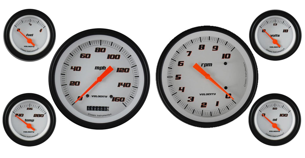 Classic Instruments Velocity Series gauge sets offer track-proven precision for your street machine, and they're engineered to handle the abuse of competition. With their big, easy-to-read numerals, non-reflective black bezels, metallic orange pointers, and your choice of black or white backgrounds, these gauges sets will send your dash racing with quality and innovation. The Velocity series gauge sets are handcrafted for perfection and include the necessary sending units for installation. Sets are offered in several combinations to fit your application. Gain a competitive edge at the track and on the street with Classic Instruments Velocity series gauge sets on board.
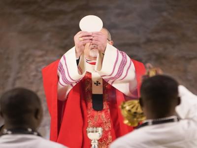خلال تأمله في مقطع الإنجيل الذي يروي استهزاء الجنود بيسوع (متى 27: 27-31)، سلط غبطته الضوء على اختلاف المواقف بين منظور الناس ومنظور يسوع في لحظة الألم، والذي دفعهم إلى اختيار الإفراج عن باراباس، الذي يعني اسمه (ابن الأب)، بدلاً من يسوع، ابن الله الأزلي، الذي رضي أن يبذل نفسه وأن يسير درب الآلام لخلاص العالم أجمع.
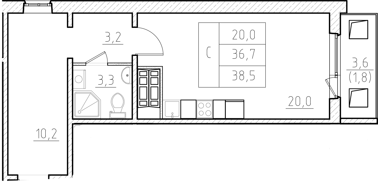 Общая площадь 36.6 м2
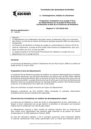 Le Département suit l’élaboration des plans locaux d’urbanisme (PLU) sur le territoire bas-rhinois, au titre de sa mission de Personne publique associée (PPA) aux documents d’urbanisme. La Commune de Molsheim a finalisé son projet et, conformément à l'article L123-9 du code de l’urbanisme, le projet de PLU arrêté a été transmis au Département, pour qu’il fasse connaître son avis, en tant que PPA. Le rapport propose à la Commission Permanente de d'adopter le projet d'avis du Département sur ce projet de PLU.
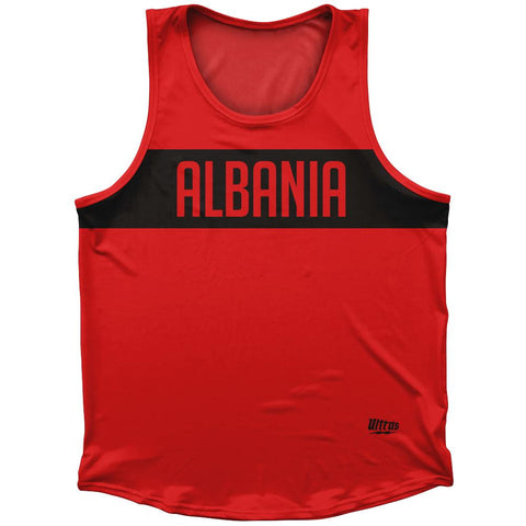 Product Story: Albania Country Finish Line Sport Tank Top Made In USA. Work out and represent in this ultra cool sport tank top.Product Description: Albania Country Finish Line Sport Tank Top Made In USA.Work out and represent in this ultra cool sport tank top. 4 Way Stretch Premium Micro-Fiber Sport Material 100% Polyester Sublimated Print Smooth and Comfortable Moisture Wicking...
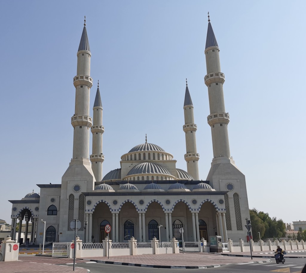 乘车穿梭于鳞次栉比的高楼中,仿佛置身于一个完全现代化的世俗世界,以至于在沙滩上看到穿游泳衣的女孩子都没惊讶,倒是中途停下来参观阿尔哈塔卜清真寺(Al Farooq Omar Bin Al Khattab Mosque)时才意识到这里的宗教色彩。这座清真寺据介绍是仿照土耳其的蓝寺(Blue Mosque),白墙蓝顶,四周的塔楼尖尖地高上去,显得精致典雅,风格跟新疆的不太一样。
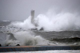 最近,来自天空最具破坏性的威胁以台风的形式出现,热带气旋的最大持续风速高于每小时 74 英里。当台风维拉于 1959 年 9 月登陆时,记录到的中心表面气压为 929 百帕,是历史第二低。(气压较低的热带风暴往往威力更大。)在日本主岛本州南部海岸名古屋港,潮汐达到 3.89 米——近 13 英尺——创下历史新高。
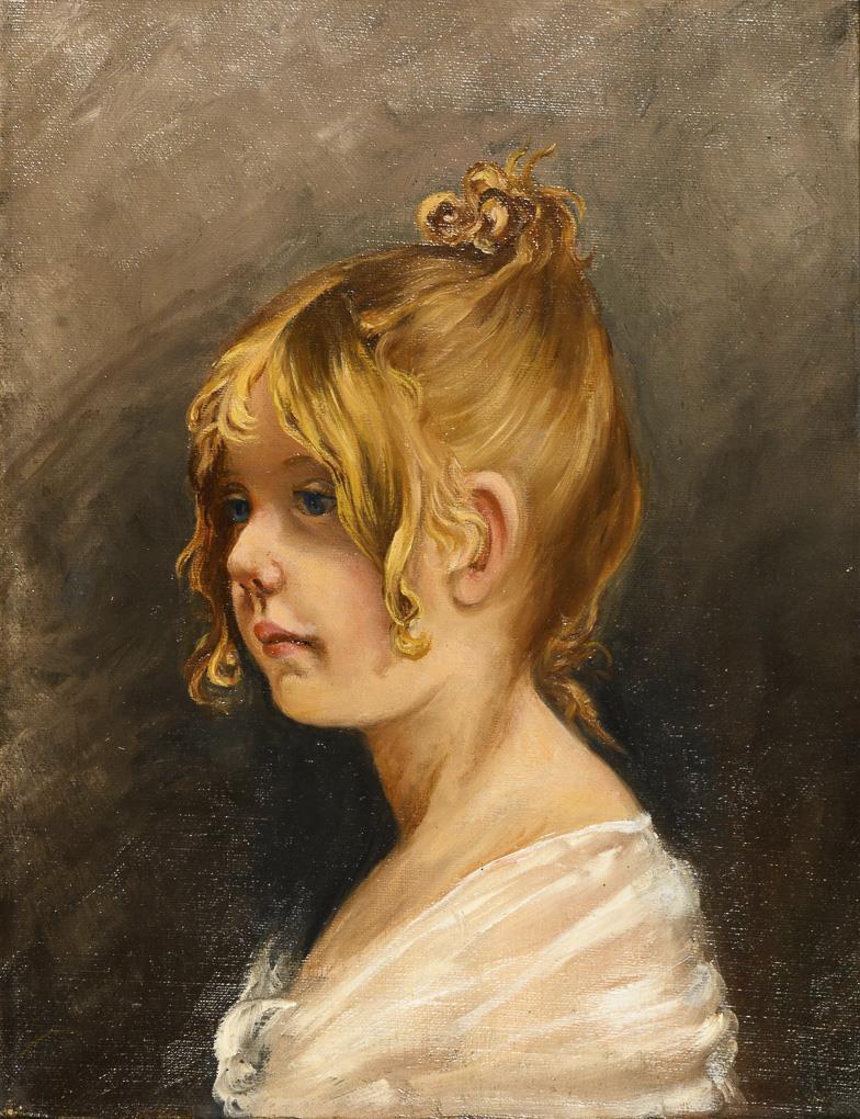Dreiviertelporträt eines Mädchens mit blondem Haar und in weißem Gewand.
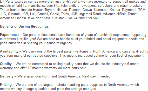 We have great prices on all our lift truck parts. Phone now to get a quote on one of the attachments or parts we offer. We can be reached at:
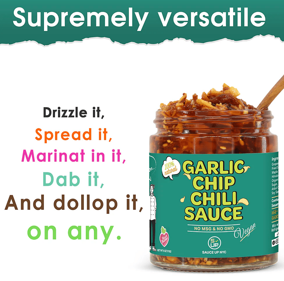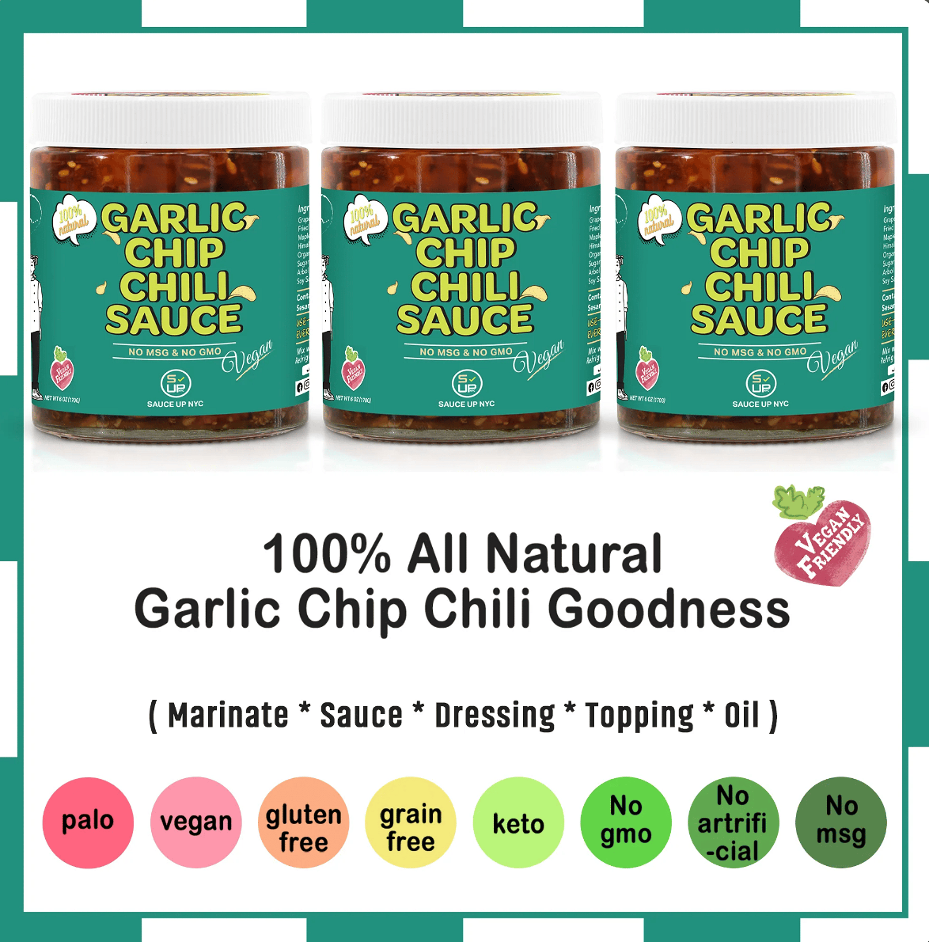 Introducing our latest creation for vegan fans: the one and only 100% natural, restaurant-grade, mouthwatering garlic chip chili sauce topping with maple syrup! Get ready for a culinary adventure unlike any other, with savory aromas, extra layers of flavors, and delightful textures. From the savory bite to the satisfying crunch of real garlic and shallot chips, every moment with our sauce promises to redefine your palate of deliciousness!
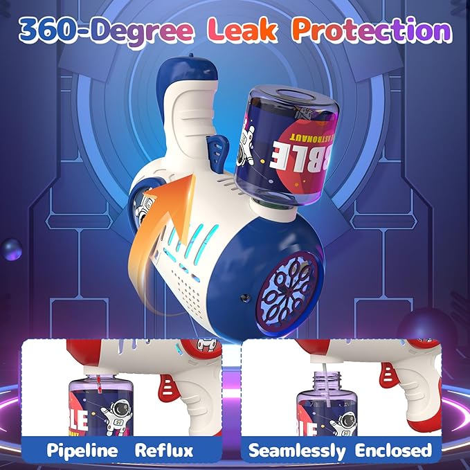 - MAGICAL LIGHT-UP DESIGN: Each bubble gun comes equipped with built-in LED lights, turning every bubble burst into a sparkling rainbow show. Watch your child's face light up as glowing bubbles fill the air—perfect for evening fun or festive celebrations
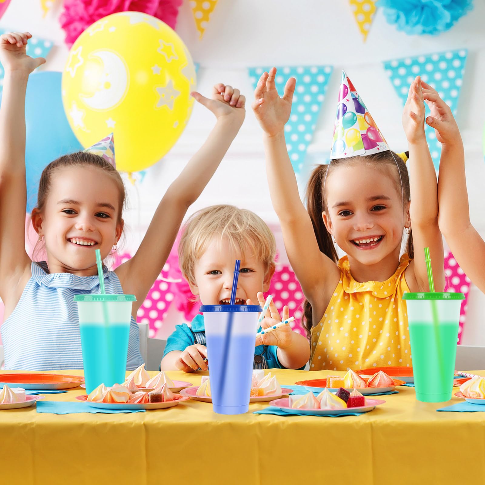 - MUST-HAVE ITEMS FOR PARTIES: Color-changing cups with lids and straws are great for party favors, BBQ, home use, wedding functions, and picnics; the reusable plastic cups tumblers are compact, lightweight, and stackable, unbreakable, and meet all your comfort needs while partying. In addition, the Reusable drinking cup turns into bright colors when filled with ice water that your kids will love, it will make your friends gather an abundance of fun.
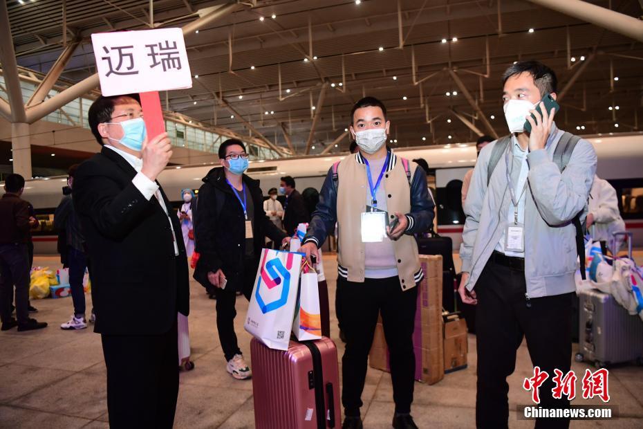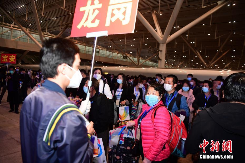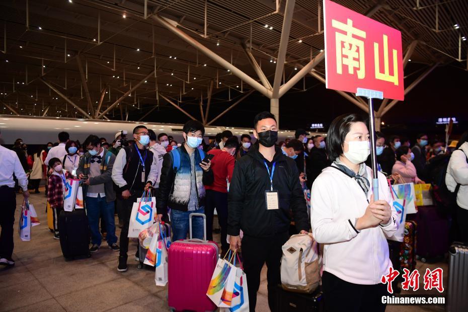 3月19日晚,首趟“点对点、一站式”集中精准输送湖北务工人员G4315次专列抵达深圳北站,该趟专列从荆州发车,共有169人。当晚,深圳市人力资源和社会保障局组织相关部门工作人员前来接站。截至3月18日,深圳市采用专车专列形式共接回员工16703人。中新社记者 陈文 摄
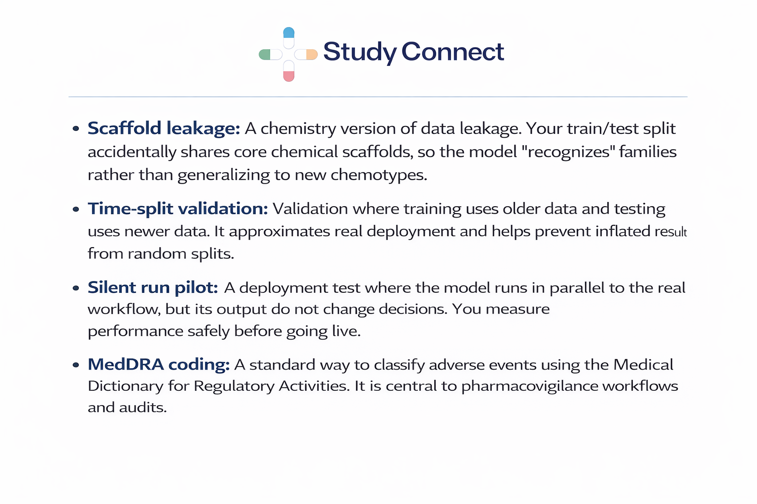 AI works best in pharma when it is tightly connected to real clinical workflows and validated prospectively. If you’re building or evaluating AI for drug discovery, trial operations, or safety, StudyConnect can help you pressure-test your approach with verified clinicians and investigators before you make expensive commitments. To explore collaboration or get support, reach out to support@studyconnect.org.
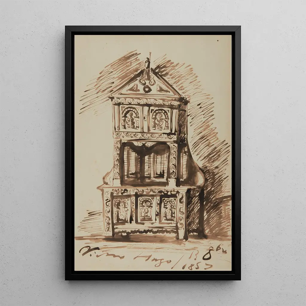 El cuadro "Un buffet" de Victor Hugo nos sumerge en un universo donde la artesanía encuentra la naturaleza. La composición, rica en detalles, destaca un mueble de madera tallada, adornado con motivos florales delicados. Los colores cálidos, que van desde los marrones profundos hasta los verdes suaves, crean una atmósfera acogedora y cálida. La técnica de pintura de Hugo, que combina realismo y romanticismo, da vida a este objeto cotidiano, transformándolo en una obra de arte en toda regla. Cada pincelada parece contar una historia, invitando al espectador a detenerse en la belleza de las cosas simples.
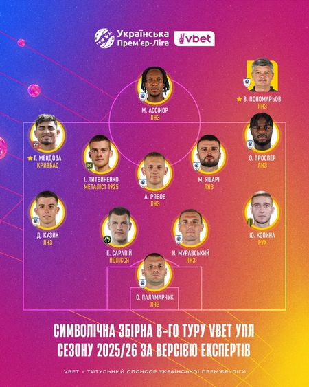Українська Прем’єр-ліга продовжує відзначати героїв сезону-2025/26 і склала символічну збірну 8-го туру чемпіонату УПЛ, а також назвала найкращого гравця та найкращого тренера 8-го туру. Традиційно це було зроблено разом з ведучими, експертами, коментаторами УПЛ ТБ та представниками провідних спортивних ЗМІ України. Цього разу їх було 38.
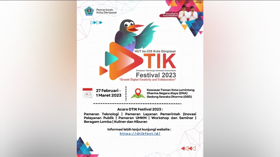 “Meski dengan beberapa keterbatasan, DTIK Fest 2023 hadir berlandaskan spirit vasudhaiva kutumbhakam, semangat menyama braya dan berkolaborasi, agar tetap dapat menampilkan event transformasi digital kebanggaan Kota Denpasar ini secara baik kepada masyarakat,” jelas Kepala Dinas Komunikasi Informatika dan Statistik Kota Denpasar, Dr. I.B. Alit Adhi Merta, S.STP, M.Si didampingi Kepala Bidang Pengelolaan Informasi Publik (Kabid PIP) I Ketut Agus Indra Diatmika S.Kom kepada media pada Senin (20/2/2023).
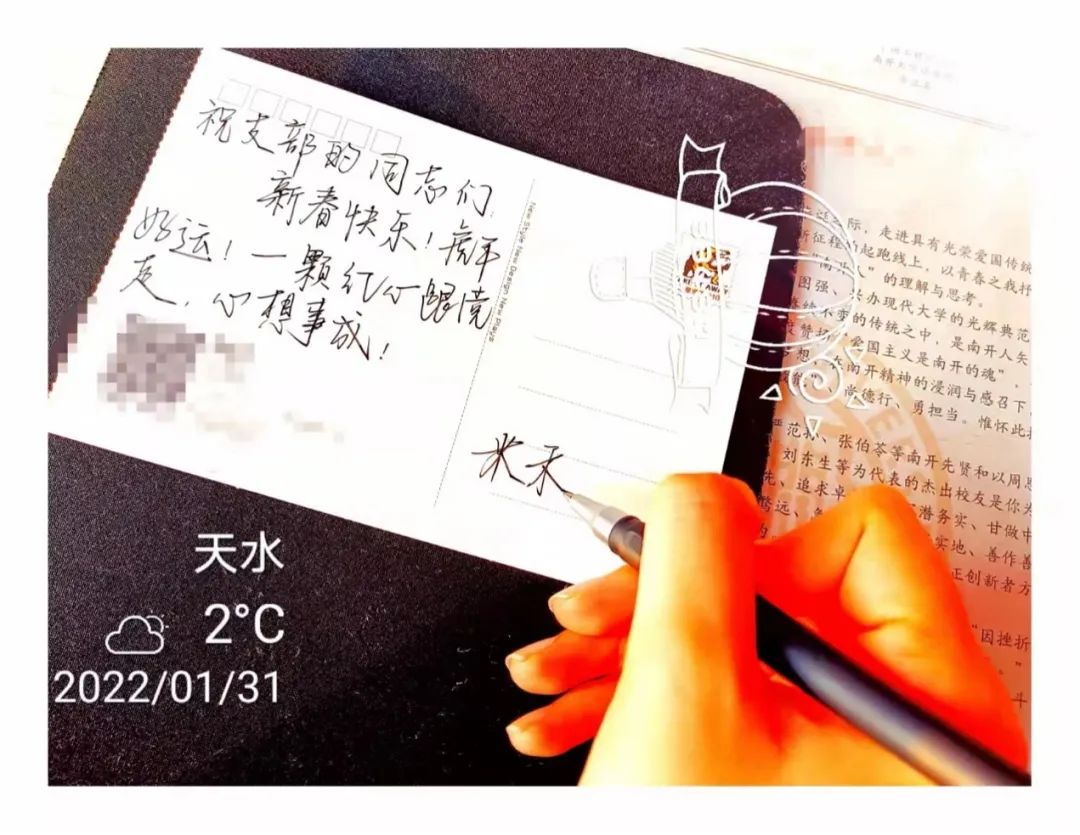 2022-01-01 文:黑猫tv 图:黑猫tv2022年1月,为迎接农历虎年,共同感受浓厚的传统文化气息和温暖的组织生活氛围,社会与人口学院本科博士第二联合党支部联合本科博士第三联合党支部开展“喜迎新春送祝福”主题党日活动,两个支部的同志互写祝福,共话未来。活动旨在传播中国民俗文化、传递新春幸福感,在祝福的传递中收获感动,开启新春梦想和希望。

» Task requirements
All entries above are to be set down word for word, and the pictures are to be left out.

» Your response
 Classic Instruments Velocity Series gauge sets offer track-proven precision for your street machine, and they're engineered to handle the abuse of competition. With their big, easy-to-read numerals, non-reflective black bezels, metallic orange pointers, and your choice of black or white backgrounds, these gauges sets will send your dash racing with quality and innovation. The Velocity series gauge sets are handcrafted for perfection and include the necessary sending units for installation. Sets are offered in several combinations to fit your application. Gain a competitive edge at the track and on the street with Classic Instruments Velocity series gauge sets on board.
خلال تأمله في مقطع الإنجيل الذي يروي استهزاء الجنود بيسوع (متى 27: 27-31)، سلط غبطته الضوء على اختلاف المواقف بين منظور الناس ومنظور يسوع في لحظة الألم، والذي دفعهم إلى اختيار الإفراج عن باراباس، الذي يعني اسمه (ابن الأب)، بدلاً من يسوع، ابن الله الأزلي، الذي رضي أن يبذل نفسه وأن يسير درب الآلام لخلاص العالم أجمع.
 Общая площадь 36.6 м2
 Le Département suit l’élaboration des plans locaux d’urbanisme (PLU) sur le territoire bas-rhinois, au titre de sa mission de Personne publique associée (PPA) aux documents d’urbanisme. La Commune de Molsheim a finalisé son projet et, conformément à l'article L123-9 du code de l’urbanisme, le projet de PLU arrêté a été transmis au Département, pour qu’il fasse connaître son avis, en tant que PPA. Le rapport propose à la Commission Permanente de d'adopter le projet d'avis du Département sur ce projet de PLU.
 Product Story: Albania Country Finish Line Sport Tank Top Made In USA. Work out and represent in this ultra cool sport tank top.Product Description: Albania Country Finish Line Sport Tank Top Made In USA.Work out and represent in this ultra cool sport tank top. 4 Way Stretch Premium Micro-Fiber Sport Material 100% Polyester Sublimated Print Smooth and Comfortable Moisture Wicking...
 乘车穿梭于鳞次栉比的高楼中,仿佛置身于一个完全现代化的世俗世界,以至于在沙滩上看到穿游泳衣的女孩子都没惊讶,倒是中途停下来参观阿尔哈塔卜清真寺(Al Farooq Omar Bin Al Khattab Mosque)时才意识到这里的宗教色彩。这座清真寺据介绍是仿照土耳其的蓝寺(Blue Mosque),白墙蓝顶,四周的塔楼尖尖地高上去,显得精致典雅,风格跟新疆的不太一样。
 最近,来自天空最具破坏性的威胁以台风的形式出现,热带气旋的最大持续风速高于每小时 74 英里。当台风维拉于 1959 年 9 月登陆时,记录到的中心表面气压为 929 百帕,是历史第二低。(气压较低的热带风暴往往威力更大。)在日本主岛本州南部海岸名古屋港,潮汐达到 3.89 米——近 13 英尺——创下历史新高。
Dreiviertelporträt eines Mädchens mit blondem Haar und in weißem Gewand.
 We have great prices on all our lift truck parts. Phone now to get a quote on one of the attachments or parts we offer. We can be reached at:
 Introducing our latest creation for vegan fans: the one and only 100% natural, restaurant-grade, mouthwatering garlic chip chili sauce topping with maple syrup! Get ready for a culinary adventure unlike any other, with savory aromas, extra layers of flavors, and delightful textures. From the savory bite to the satisfying crunch of real garlic and shallot chips, every moment with our sauce promises to redefine your palate of deliciousness!
 - MAGICAL LIGHT-UP DESIGN: Each bubble gun comes equipped with built-in LED lights, turning every bubble burst into a sparkling rainbow show. Watch your child's face light up as glowing bubbles fill the air—perfect for evening fun or festive celebrations
 - MUST-HAVE ITEMS FOR PARTIES: Color-changing cups with lids and straws are great for party favors, BBQ, home use, wedding functions, and picnics; the reusable plastic cups tumblers are compact, lightweight, and stackable, unbreakable, and meet all your comfort needs while partying. In addition, the Reusable drinking cup turns into bright colors when filled with ice water that your kids will love, it will make your friends gather an abundance of fun.
 3月19日晚,首趟“点对点、一站式”集中精准输送湖北务工人员G4315次专列抵达深圳北站,该趟专列从荆州发车,共有169人。当晚,深圳市人力资源和社会保障局组织相关部门工作人员前来接站。截至3月18日,深圳市采用专车专列形式共接回员工16703人。中新社记者 陈文 摄
 AI works best in pharma when it is tightly connected to real clinical workflows and validated prospectively. If you’re building or evaluating AI for drug discovery, trial operations, or safety, StudyConnect can help you pressure-test your approach with verified clinicians and investigators before you make expensive commitments. To explore collaboration or get support, reach out to support@studyconnect.org.
 El cuadro "Un buffet" de Victor Hugo nos sumerge en un universo donde la artesanía encuentra la naturaleza. La composición, rica en detalles, destaca un mueble de madera tallada, adornado con motivos florales delicados. Los colores cálidos, que van desde los marrones profundos hasta los verdes suaves, crean una atmósfera acogedora y cálida. La técnica de pintura de Hugo, que combina realismo y romanticismo, da vida a este objeto cotidiano, transformándolo en una obra de arte en toda regla. Cada pincelada parece contar una historia, invitando al espectador a detenerse en la belleza de las cosas simples.
Українська Прем’єр-ліга продовжує відзначати героїв сезону-2025/26 і склала символічну збірну 8-го туру чемпіонату УПЛ, а також назвала найкращого гравця та найкращого тренера 8-го туру. Традиційно це було зроблено разом з ведучими, експертами, коментаторами УПЛ ТБ та представниками провідних спортивних ЗМІ України. Цього разу їх було 38.
 “Meski dengan beberapa keterbatasan, DTIK Fest 2023 hadir berlandaskan spirit vasudhaiva kutumbhakam, semangat menyama braya dan berkolaborasi, agar tetap dapat menampilkan event transformasi digital kebanggaan Kota Denpasar ini secara baik kepada masyarakat,” jelas Kepala Dinas Komunikasi Informatika dan Statistik Kota Denpasar, Dr. I.B. Alit Adhi Merta, S.STP, M.Si didampingi Kepala Bidang Pengelolaan Informasi Publik (Kabid PIP) I Ketut Agus Indra Diatmika S.Kom kepada media pada Senin (20/2/2023).
 2022-01-01 文:黑猫tv 图:黑猫tv2022年1月,为迎接农历虎年,共同感受浓厚的传统文化气息和温暖的组织生活氛围,社会与人口学院本科博士第二联合党支部联合本科博士第三联合党支部开展“喜迎新春送祝福”主题党日活动,两个支部的同志互写祝福,共话未来。活动旨在传播中国民俗文化、传递新春幸福感,在祝福的传递中收获感动,开启新春梦想和希望。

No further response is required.